WHAT THE TASK ASKS:
Please set down the data word for word; images do not go in the copy.

SOURCE MATERIAL:
────
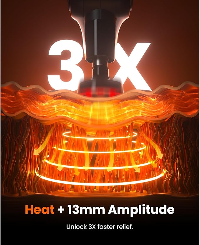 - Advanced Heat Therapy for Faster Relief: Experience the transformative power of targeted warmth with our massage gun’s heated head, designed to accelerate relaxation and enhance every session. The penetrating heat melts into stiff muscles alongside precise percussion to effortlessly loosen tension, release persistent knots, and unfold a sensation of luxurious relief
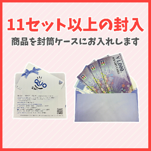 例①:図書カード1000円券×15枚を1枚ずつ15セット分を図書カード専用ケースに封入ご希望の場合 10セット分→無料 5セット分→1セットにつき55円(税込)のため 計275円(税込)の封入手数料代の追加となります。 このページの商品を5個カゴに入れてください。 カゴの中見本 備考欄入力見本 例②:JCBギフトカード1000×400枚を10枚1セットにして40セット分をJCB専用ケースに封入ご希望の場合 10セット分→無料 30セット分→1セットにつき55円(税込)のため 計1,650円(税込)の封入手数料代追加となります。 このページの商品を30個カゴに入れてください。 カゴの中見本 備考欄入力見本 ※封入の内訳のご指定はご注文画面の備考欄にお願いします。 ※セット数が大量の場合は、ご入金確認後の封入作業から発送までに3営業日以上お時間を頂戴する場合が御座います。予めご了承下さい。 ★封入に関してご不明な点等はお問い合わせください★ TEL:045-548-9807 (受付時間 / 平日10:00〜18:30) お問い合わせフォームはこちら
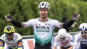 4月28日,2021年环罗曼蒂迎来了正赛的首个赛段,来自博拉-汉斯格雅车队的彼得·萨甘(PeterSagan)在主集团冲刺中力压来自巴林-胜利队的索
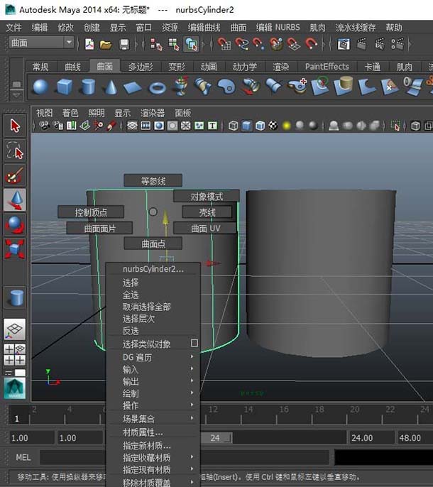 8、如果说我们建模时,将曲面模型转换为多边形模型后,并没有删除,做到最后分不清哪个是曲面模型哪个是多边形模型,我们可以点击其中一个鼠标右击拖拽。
────
WRITTEN ANSWER:
 - Advanced Heat Therapy for Faster Relief: Experience the transformative power of targeted warmth with our massage gun’s heated head, designed to accelerate relaxation and enhance every session. The penetrating heat melts into stiff muscles alongside precise percussion to effortlessly loosen tension, release persistent knots, and unfold a sensation of luxurious relief
 例①:図書カード1000円券×15枚を1枚ずつ15セット分を図書カード専用ケースに封入ご希望の場合 10セット分→無料 5セット分→1セットにつき55円(税込)のため 計275円(税込)の封入手数料代の追加となります。 このページの商品を5個カゴに入れてください。 カゴの中見本 備考欄入力見本 例②:JCBギフトカード1000×400枚を10枚1セットにして40セット分をJCB専用ケースに封入ご希望の場合 10セット分→無料 30セット分→1セットにつき55円(税込)のため 計1,650円(税込)の封入手数料代追加となります。 このページの商品を30個カゴに入れてください。 カゴの中見本 備考欄入力見本 ※封入の内訳のご指定はご注文画面の備考欄にお願いします。 ※セット数が大量の場合は、ご入金確認後の封入作業から発送までに3営業日以上お時間を頂戴する場合が御座います。予めご了承下さい。 ★封入に関してご不明な点等はお問い合わせください★ TEL:045-548-9807 (受付時間 / 平日10:00〜18:30) お問い合わせフォームはこちら
 4月28日,2021年环罗曼蒂迎来了正赛的首个赛段,来自博拉-汉斯格雅车队的彼得·萨甘(PeterSagan)在主集团冲刺中力压来自巴林-胜利队的索
 8、如果说我们建模时,将曲面模型转换为多边形模型后,并没有删除,做到最后分不清哪个是曲面模型哪个是多边形模型,我们可以点击其中一个鼠标右击拖拽。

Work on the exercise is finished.